I smiled, pushing away the doubts pinging through my mind. Those were for another day, perhaps.
“This here used to be my love shack.”
She laughed and the sound caused a rolling sensation in my chest as if my heart had lifted and then settled back into place. “Oh God,” she groaned. “Do I even want to know?”
I laughed, picking up the poker and stoking the fire a bit. “Well, more accurately, it was my would-be love shack. I had big plans for me, those tarps, and Hadley DeGraw.”
She laughed again. “Didn’t end well?”
I sighed. “Sadly, no. I only got to second base underneath the football stands before she cheated on me with Kent Baker.”
She gave a mock wince. “Ouch. That hurts.”
“It did. But that summer I saved up and my dad helped me buy my first car.” I was quiet for a moment remembering the day we’d gone to pick it up. I’d been so damn excited . . . “Anyway, after acquiring a love machine, I no longer had the need for this old place. The rest is history.”

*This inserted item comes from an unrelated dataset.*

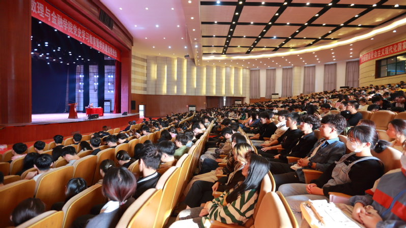 本网讯 2021年11月3日下午,安徽工程大学数理与金融学院在校师生活动中心顺利召开党史学习教育报告会暨学风建设推进会。援越抗美、援老抗美战争亲历者、原应用数理系党总支书记苏自林为全体师生作专题报告,学院全体教师、研究生和本科生共1100余人聆听报告会。报告会由院党委副书记王燕主持。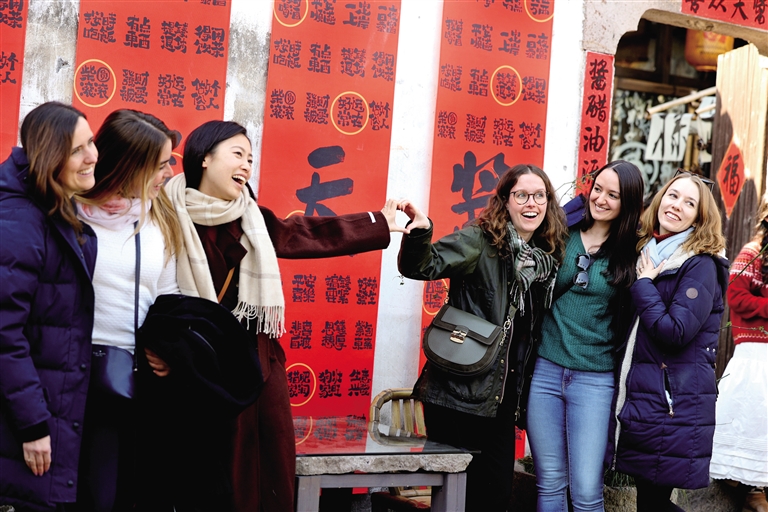1月19日,中外游客在浙江省杭州市小河直街历史文化街区打卡拍照,感受浓浓年味。岁尾深冬,年味渐浓。各地装饰一新,人们购年货、逛集市,在各类活动中喜迎新春。 (据新华社报道)

Her lips twitched as she nodded. “Too bad. The romantic potential is seriously off the charts.”
I laughed, raising my eyebrows. “It wasn’t exactly romance I was looking for.”
She rolled her eyes, but it was accompanied by a soft laugh. And sitting there, watching her smile after sharing her desolation, her slim form clearly defined beneath the linen she had tightened around her, the fire warming the room and creating moving shadows all around us, I thought maybe this place did have romantic potential. Or maybe it was just Isabelle who carried light within her. Magic. I cleared my throat, slightly uncomfortable with my own wandering thoughts. “Yeah.” I sighed. “Hadley really missed out.”
“Poor girl. No way Kent Baker offered her anything better.” I knew she was kidding back with me, though her expression remained serious as her gaze focused on the shifting flames once again. “I know this is the old bourbon distillery run by your grandfather, but was it operational at some point when you were a kid?”